Actually, 015.jpg is right there and viewable. I was wondering if you could help. I am posting the code here (includes: stdio.h, stdlib.h). Thank you very much!

typedef uint8_t  BYTE;
typedef int32_t  LONG;

int main(void)
{
char* infile = "card.raw";
int count = 0; // record the number of photos recovered

// open input file for JPEG checking
FILE* inptr = fopen(infile, "r");
if (inptr == NULL)
{
    printf("Could not open %s.\n", infile);
    return 2;
}

char outfile[10]; // name of recovered JPEG photo
LONG read_tag; 
FILE* outptr = NULL;

// read through input file    
while(!feof(inptr))
{
    fread(&read_tag, sizeof(LONG), 1, inptr);         
    if(read_tag == 0xe0ffd8ff) // check whether the first 4 bytes correspond to the signature of a JPEG file
    {
        fseek(inptr, -sizeof(read_tag), SEEK_CUR); //go back to the beginning of this 512B block for copying

        if(outptr != NULL) // if the file of previously found JPEG file is still open, close it
            fclose(outptr);

        sprintf(outfile, "%03d.jpg", count); // create new JPEG file
        count++; //found one JPEG
        outptr = fopen(outfile, "a");
        if (outptr == NULL)
        {
            fclose(inptr);
            fprintf(stderr, "Could not create %s.\n", outfile);
            return 3;
        }

        BYTE* buf; // copy the content to this JPEG file
        for(int j = 0; j < 512; j++)
        {
            fread(&buf, sizeof(BYTE), 1, inptr);
            fwrite(&buf, sizeof(BYTE), 1, outptr);
        }
    }
    else if(count > 0) // if it is a 512B block after JPEG signature, copy the content to newly created file
    {
        fseek(inptr, -sizeof(read_tag), SEEK_CUR); 
        BYTE* buf;
        for(int j = 0; j < 512; j++)
        {
            fread(&buf, sizeof(BYTE), 1, inptr);
            fwrite(&buf, sizeof(BYTE), 1, outptr);
        }
    }
    else // if this 512B block is before the first JPEG file, skip it and go to the next 512B block
    {
        fseek(inptr, sizeof(BYTE) * 508, SEEK_CUR); 
    }
}
fclose(outptr);
fclose(inptr);

}

  • Why is the name of the recovered jpeg 10 chars long? It would only need 7 for something like "###.jpg". – person the human Jun 15 at 20:52
2

You should know that the check50 test uses a different set of test data than those provided with the downloaded code, so while it appears to work, the check50 code is likely to find other problems.

I see a few issues. First, it is only checking for one possible signature. There are 16. This is probably causing the middle file failures. Second, because the while loop setup is only looking for the end of file and not actually doing a read, the code is essentially reading in a 512 block, processing, writing 512 bytes out, and then checking for EOF. Since the last valid read goes right up to the EOF marker without tripping on it, this has the effect of writing 512 extra bytes of garbage data to the last file. This is almost certainly why the last file fails.

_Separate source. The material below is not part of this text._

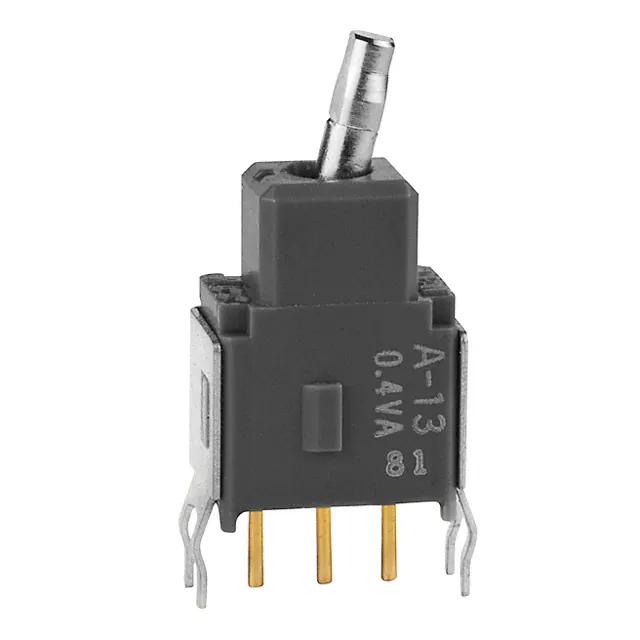 This is manufactured by NKK Switches. The manufacturer part number is A13KB. It is assigned with possible HTSUS value of 8536.50.9065. The product is rohs3 compliant. The product offers long-lasting services of 50,000 cycles. Moreover, it has pc pin terminal style. 28 v of DC voltage rating. The product has -30°c ~ 85°c operating temperature range. The actuator is a 5.00mm long. The product exhibits 28 v of AC voltage rating. In addition, it is reach unaffected. It is shipped in bulk. It is designed as a on-off-on switching function. Its typical moisture sensitivity level is 1 (unlimited). It has an integral spdt circuit. It has a long 21 weeks standard lead time. Additionally, the product's output is 0.4va (ac/dc) The splendid features of the product include process sealed. The product is available in through hole configuration. The product a, is a highly preferred choice for users. The product has bushing thread of unthreaded, square. The product carries lever for cap actuator. Is this product illuminated? non-illuminated. The actuator is designed from sturdy polyamide (pa), nylon, glass filled material. The product is designated with the ear99 code number

As a side note, while the code may be technically correct, it's not terribly efficient. It reads in one byte at a time x 512 times on each pass. Remember that each read has disk and system overhead. By reading one byte at a time, the total effect is 512 x overhead + 512 bytes read. Instead, if 512 bytes were read at once, it would be 1 x overhead + 512 bytes. The difference is particularly important in reading/writing many megabytes of data.

There's also the issue of moving back and forth in the file. It is far more efficient to read in an entire 512 byte block and examine the first 4 bytes, rather than reading in 4 bytes, moving the file pointer back, and then reading 512 bytes.

If this isn't enough to make you scratch your head, it is possible to write this program using exactly one fread and one fwrite call, instead of several of each throughout your program. That would be far more efficient! My experience has been that the more of each, the higher the probability of errors in the code.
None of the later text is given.